The New York Daily News praised the performances called the play "an oddly fascinating bit of urban realism", but the reviews in Boston and New York were generally scathing.

New York Herald Tribune critic Richard Watts Jr. said that the play seemed to show the influence of William Saroyan, which gave it a "curious note of the derivative" that was atypical of Odets, who was noted for its originality. Watts praised the characterizations but said "inevitably you go away from it with a sense of dissatisfaction." He called it "rambling and repetitious and fuzzy in its philosophy and without cumulative value." New York Times drama critic Brooks Atkinson wrote "Now that Odets writes like Saroyan, Doomsday is near." Atkinson praised the performance and called Kazan "one of the most exciting actors in America." But he described the writing as self-indulgent and called Night Music "a foolish play by a man of great talent."

Odets was shaken by the poor notices.
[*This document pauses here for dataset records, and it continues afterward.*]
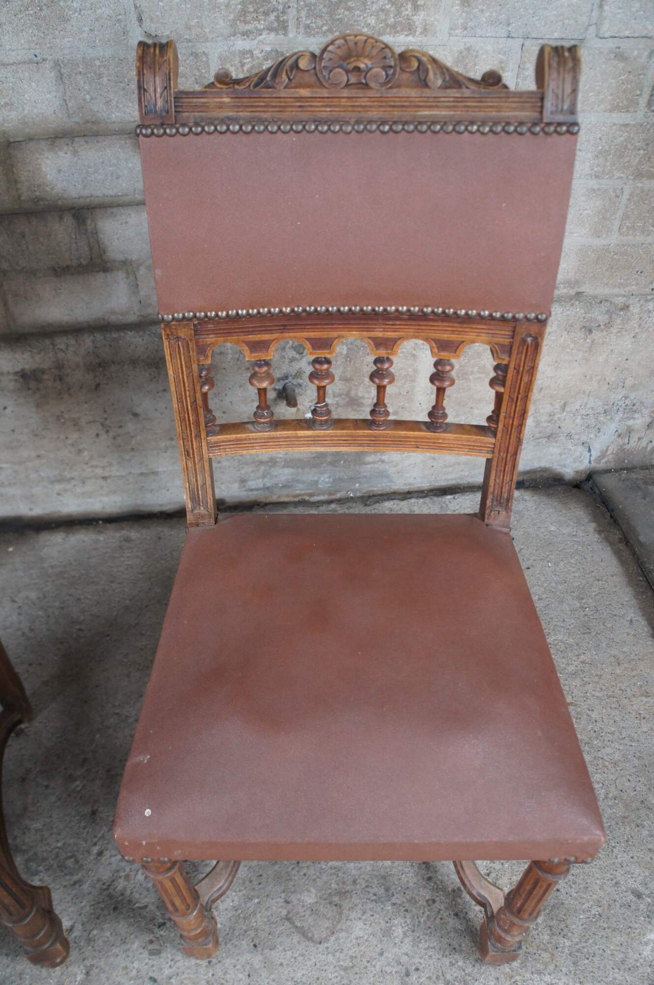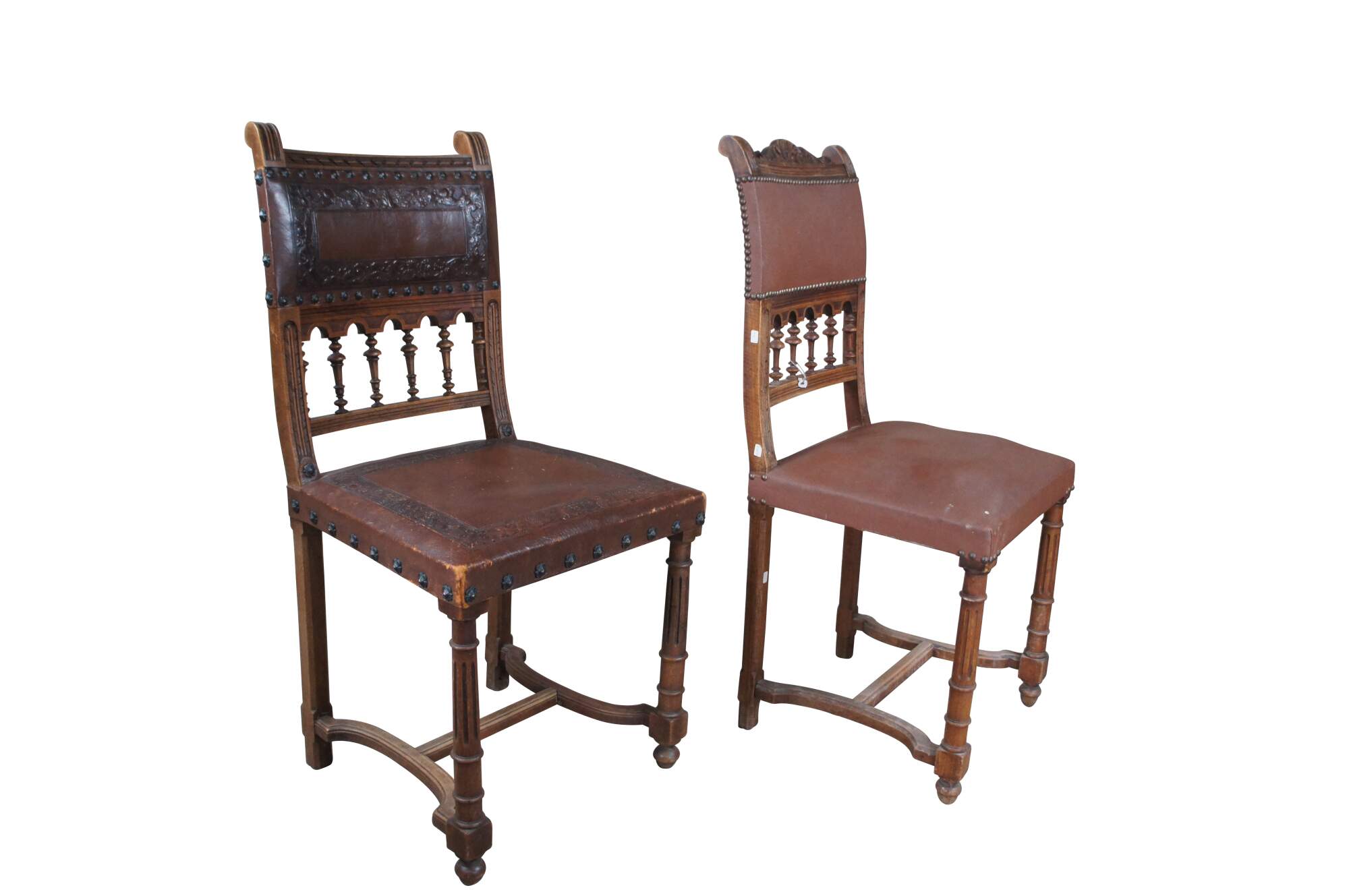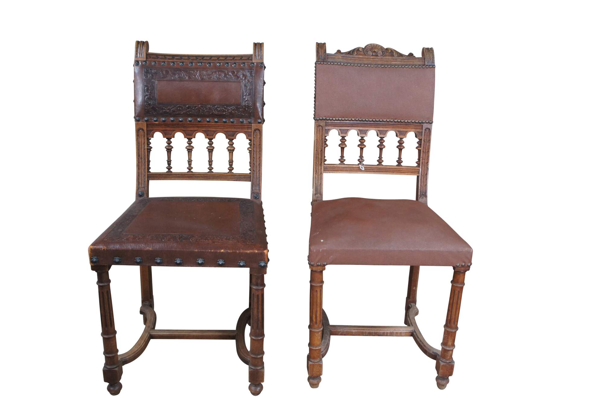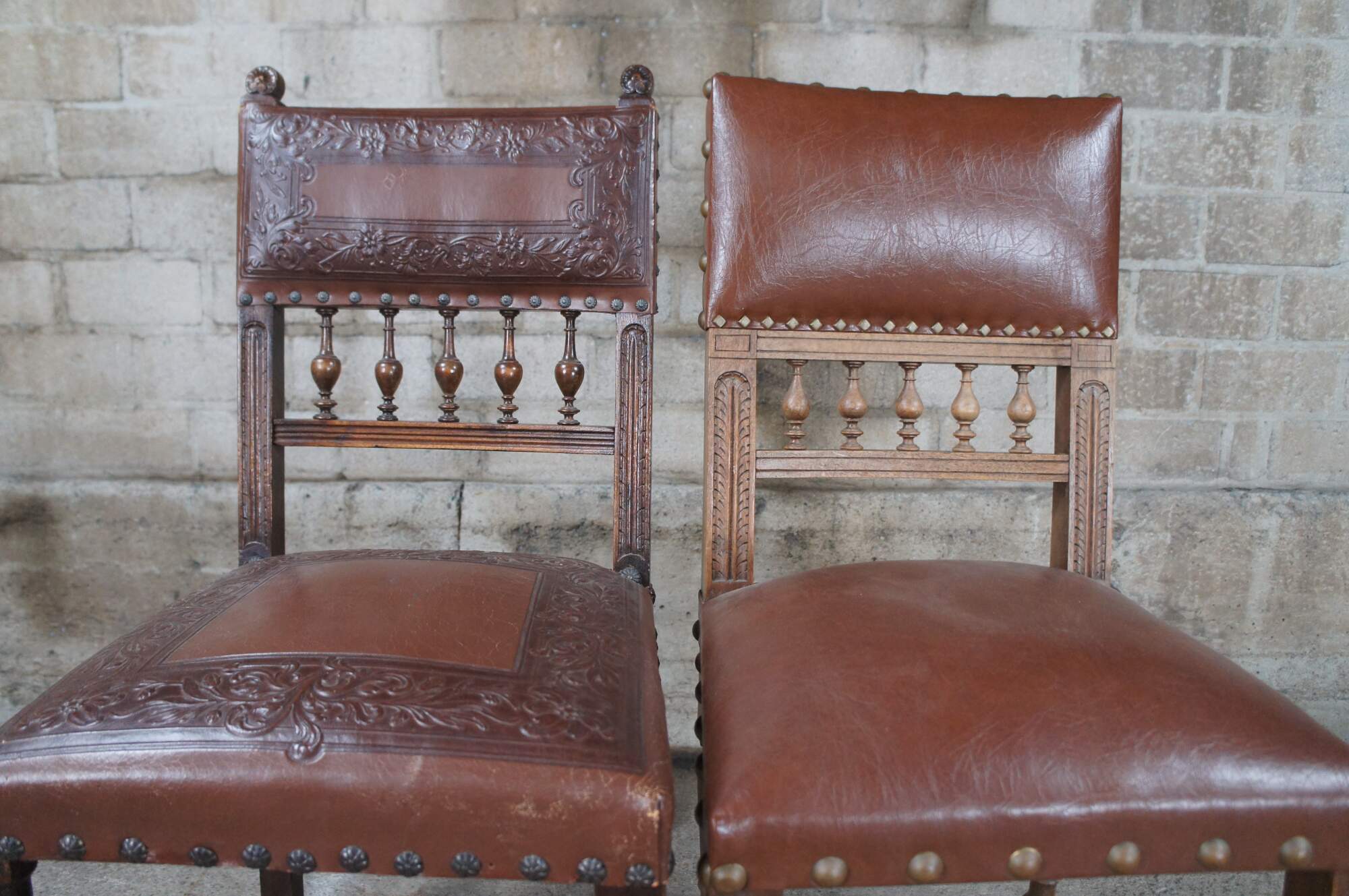 Lot of four Henry II style dining chairs. Features a hardwood construction with carved and molded spindle backs. The chairs are supported by fluted legs with H stretchers and bun feet. Upholstered in leather with some tooling and nailhead trim.
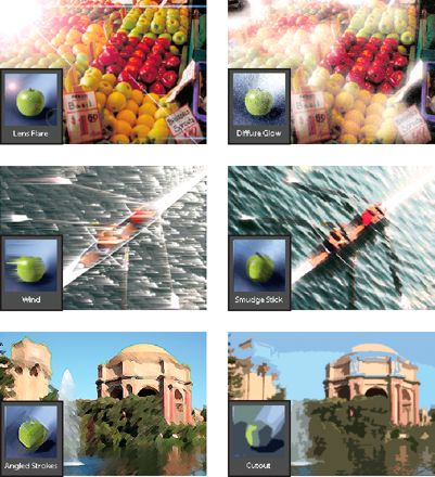 フィルターの使用結果をプレビューします。大きな画像にフィルターを適用すると、処理に時間がかかることがあります。フィルターギャラリーでフィルターの使用結果をプレビューすることで、フィルターのエフェクトをすばやく確認できます。また、ほとんどのフィルターは、フィルターオプションダイアログボックスおよびドキュメントウィンドウで使用結果をプレビューすることができます。結果を確認した後でフィルターを適用するか操作をキャンセルできるので、時間を節約できます。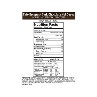 Each K-Cup includes total fat (2.5gram), saturated fat (2.5gram), sodium (180mg), total carbohydrate (9gram), sugars (7gram), and protein (1gram)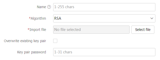 Overwrite existing key pair | Specify whether to overwrite the existing key pair if the name of the key pair to be imported is the same as that of an existing key pair using the same key algorithm. The name of a key pair must be unique among all manually named key pairs that use the same key algorithm. |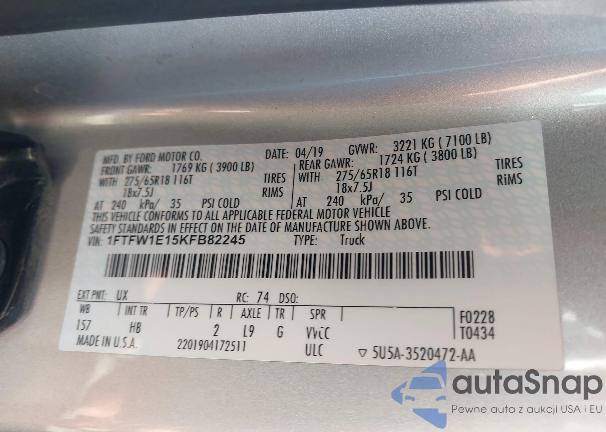 LOT: 43448841 VIN: 1FTFW1E15KFB82245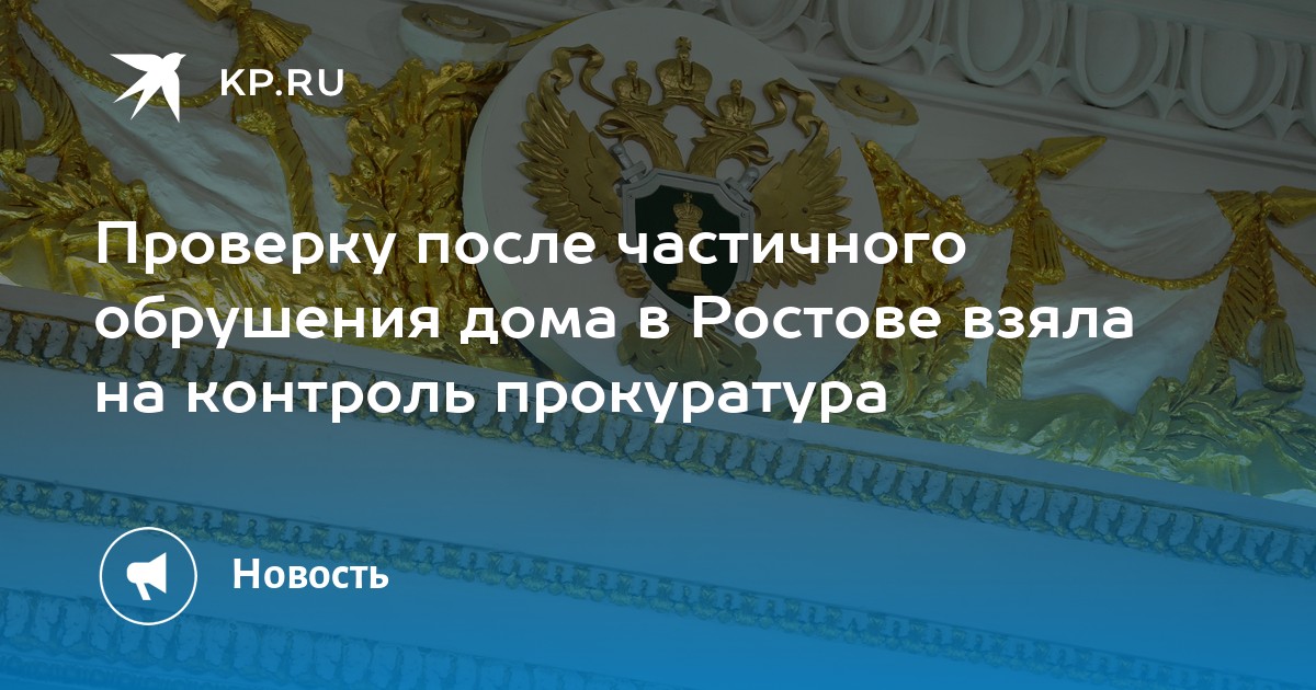 Проверку после частичного обрушения частного дома на улице Калинина в Ростове-на-Дону взяла на контроль прокуратура. Об этом сообщили в пресс-службе надзорного ведомства.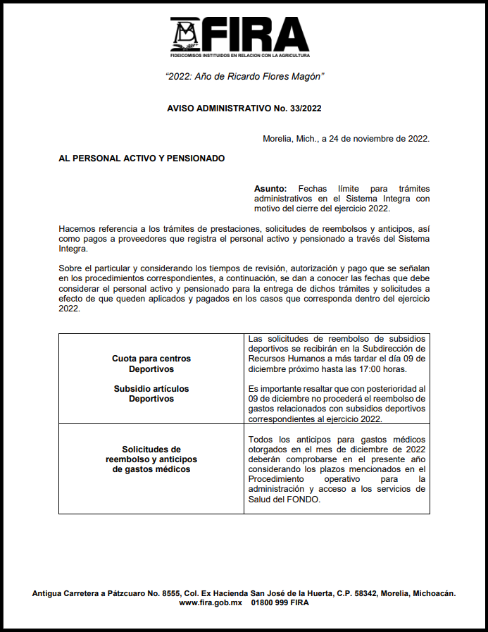 Aviso Administrativo 33/2022Fechas límite para trámites administrativos en el Sistema Integra con motivo del cierre del ejercicio 2022 2022

In his journal, published in 1988 as The Time is Ripe, Odets called it "Murder in the first degree. The murder of talent, of aspiration, of sincerity, the brutal imperception and indifference to one of the few projects that promise to keep the theater alive." Odets wrote that "something will have to be done about these 'critics,' these lean, dry men who know little or nothing about the theater despite their praise of the actors and production."

== Revival ==
The play was revived in 1951 by the ANTA Playhouse. The cast included Rod Steiger in an early stage role.